There was excellent correlation between echocardiography and ICG derived HR, and clinically insignificant differences between the devices in the Bland-Altman analysis. Therefore, we can be confident that the HR component of ICG is stable and accurate across the two devices, and any discrepancies in CO can be attributed to SV. The non-perfect correlation between ICG and echocardiography-derived HR values (R = 0.96-0.98) can be attributed to the different time periods (three consecutive cardiac cycles by echocardiography compared with a continuous measure of 60 seconds of beat-beat data from ICG). Ideally, the same three cardiac cycles would be compared between the two devices, rather than three beats versus 60 seconds of data. However, the echocardiography gave an averaged, rather than instantaneous, heart rate, making such precise matches with ICG impossible. As we were unable to synchronise beats between echocardiography and ICG, a one minute mean of ICG appeared to be the next best option. Selecting fewer beats of ICG data would introduce a potential for greater variability due to respiration if indeed different beats were selected to those analysed by echocardiography. There was large variability in ICG values compared with echocardiography (Table 3). This may be due to the greater number of beats averaged in each ICG sample compared with echocardiography (60s vs. three beats), or it could imply that ICG is less stable and may account for a greater proportion of the error between the two methods.

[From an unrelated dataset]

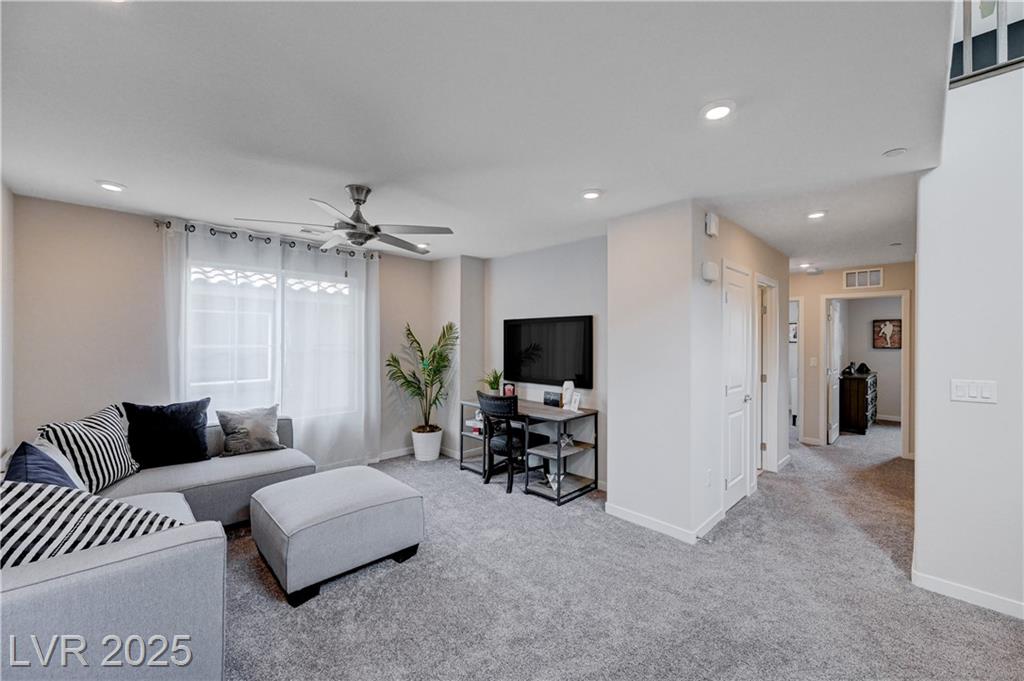 Brand new home built in 2022 with all new appliances, flooring, carpet, paint and furniture. This property is located in South Henderson just a few minutes from Boulder City! It is 3 stories with 2 loft, backyard and patio on the 3rd floor. Community is gated with a swimming pool/spa, dog park, courtyard/picnic area and fitness bars.

A much cited paper by Critchley and Critchley [23] rightly states that any evaluation of CO measurement devices should take into consideration the precision of the reference method. They state that a previous review had rejected CO measurement validation studies based on percentage error that should have been accepted when their adjusted limits of agreement of 30% were used. Of note, one of the studies Critchley and Critchley [23] re-categorised as satisfactory was validating echocardiography against thermodilution, adding validity to the reference standard used in the current study. A previous study [24] on the validity of different ultrasound methods stated that echocardiography had a percentage error of 10% based on earlier published data. If we were to assume the same 10% error in our reference measure, using the best percentage error (percent limits of agreement) in the third epoch of approximately 20% (14-55%), our results certainly fall outside of those deemed acceptable in the error-gram of Critchley and Critchley [23]. Even using the more conservative 20% precision (as used for thermodilution), our limits of agreement still fall outside of the 30% limits of agreement recommended by of Critchley and Critchley [23].
Burlingame et al. [4] compared echocardiography with ICG in 28 women in late pregnancy (34.0 ± 1.2 weeks gestation) when in the left lateral position. They used the BioZ device with the ZMARC algorithm, which the Medis ICG device and PASA algorithm are branded as in some countries. They reported comparable values to the current study, with SV of 74 ± 21 and 84 ± 24 mL, and CO of 5.8 ± 1.6 and 6.4 ± 1.9 L.min−1, for echocardiography and ICG respectively. However, the mean difference (confidence intervals) between the two devices at 15.1 mL (−29.1, 59.3) and 1.0 L.min−1 (−2.9, 4.9) for SV and CO, respectively, was higher than the current study, which ranged from −7.0 to −0.6 mL and −0.7 to −0.3 L.min−1. Interestingly, Burlingame et al. [4] concluded that ICG was acceptable, even with these wide confidence intervals.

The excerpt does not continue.